LUAD gene expression data (n = 60438 transcripts) for 434 cases used in this study was generated through RNA sequencing (RNA-seq) by the TCGA consortium. Expression data was obtained from the GDC portal (https://portal.gdc.cancer.gov/) in FPKM format. Additional clinicopathological data, molecular data, and molecular classifications were obtained from https://gdc.cancer.gov/about-data/publications/panimmune [28], including immune-related classifications from Cibersort [29]. Clinicopathological characteristics of the 434-patient cohort is detailed in Supplementary Table 1.

Gene expression data preprocessing

Two gene expression datasets were generated from the original RNA-seq data: i) a FPKM expression matrix, from which the median, variance, and log fold change were calculated, and ii) a median centered log2 transformed FPKM (all values below 1 set to 1) matrix, of the top 25,785 most varying transcripts (obtained by removing all transcripts consisting solely of 0′s and then removing 65% least varying genes across all samples), used for SRIQ clustering, differential gene expression analysis, and biological metagene analysis. The removal of low varying genes was performed to reduce the sparsity of the gene expression matrix.

Consensus clustering

As consensus clustering is frequently used to derive molecular subtypes, including LUAD, it was chosen as a benchmark method for SRIQ. Consensus clustering was performed using hierarchical clustering with Pearson correlation as distance metric and ward.D linkage. Number of repetitions were set to 2000 and a resampling schedule of 0.7 was used for both genes and samples. Cluster solutions between 3 and 7 were collected.

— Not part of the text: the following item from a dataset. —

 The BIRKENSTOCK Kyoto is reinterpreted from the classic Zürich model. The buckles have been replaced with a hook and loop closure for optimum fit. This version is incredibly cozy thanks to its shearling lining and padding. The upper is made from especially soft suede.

Clustering comparison metrics

We created a metric called Pair Similarity score (PS, not part of SRIQ) to compare similarity and diversity between the SRIQ and consensus clustering solutions. This was done by first creating a binary pairwise similarity matrix and then applying the Jaccard index method to it.

Lung adenocarcinoma TCGA molecular subtype classification

Classification of the LUAD data according to the proposed gene expression subtypes by TCGA [22]: terminal respiratory unit (TRU), proximal inflammatory (PI), and proximal proliferative (PP) was performed using centroid classification as originally outlined by Wilkerson et al. [19] for the subtypes, using the Wilkerson et al. reported centroid genes matching the TCGA RNA-seq gene set. For each sample the Pearson correlation to each centroid (subtype) was calculated. The subtype with the highest Pearson correlation was assigned to the sample.

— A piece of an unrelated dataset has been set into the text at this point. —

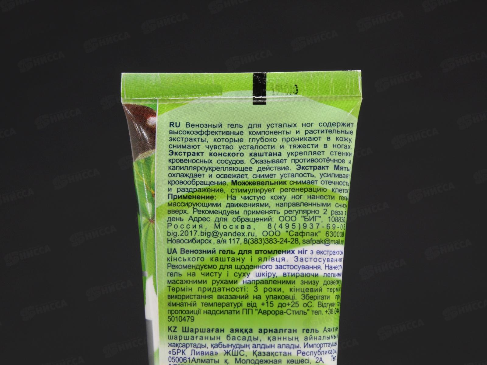 Венозный гель Для уставших ног с экстрактом конского каштана и можжевельника снимает усталость и тяжесть в ногах, укрепляет кровеносные сосуды, устраняет воспалительные процессы.

Differentially expressed genes, biological metagenes, and GO enrichment analysis

Differentially expressed genes between SRIQ clusters (one vs rest approach) were obtained by implementation of Significance Analysis of Microarray (SAM) [30] yielding up- and down-regulated genes. For the framework analysis we used SAM to obtain differentially expressed genes with significance parameters, FDR q-value<=5 and a fold change fc>=2. Metagene scores for six metagenes proposed to represent biological processes in lung cancer based on gene network analysis [31] were calculated from expression data for each sample. The metagene score of each sample was calculated as the mean expression of all genes associated with a specific metagene. GO enrichment analysis of differentially expressed genes was performed using the enrichR API endpoint [32], [33], [34].

SRIQ computation time

Computation times for SRIQ in datasets of different sizes and technological platforms (n = 434–3520), including TCGA-LUAD, are provided in Supplementary Table 2.

Results

The outline of the study is shown in Fig. 1C incorporating two main branches of analyses: i) technical reproducibility and benchmarking, and ii) assessment of molecular features of derived SRIQ clusters.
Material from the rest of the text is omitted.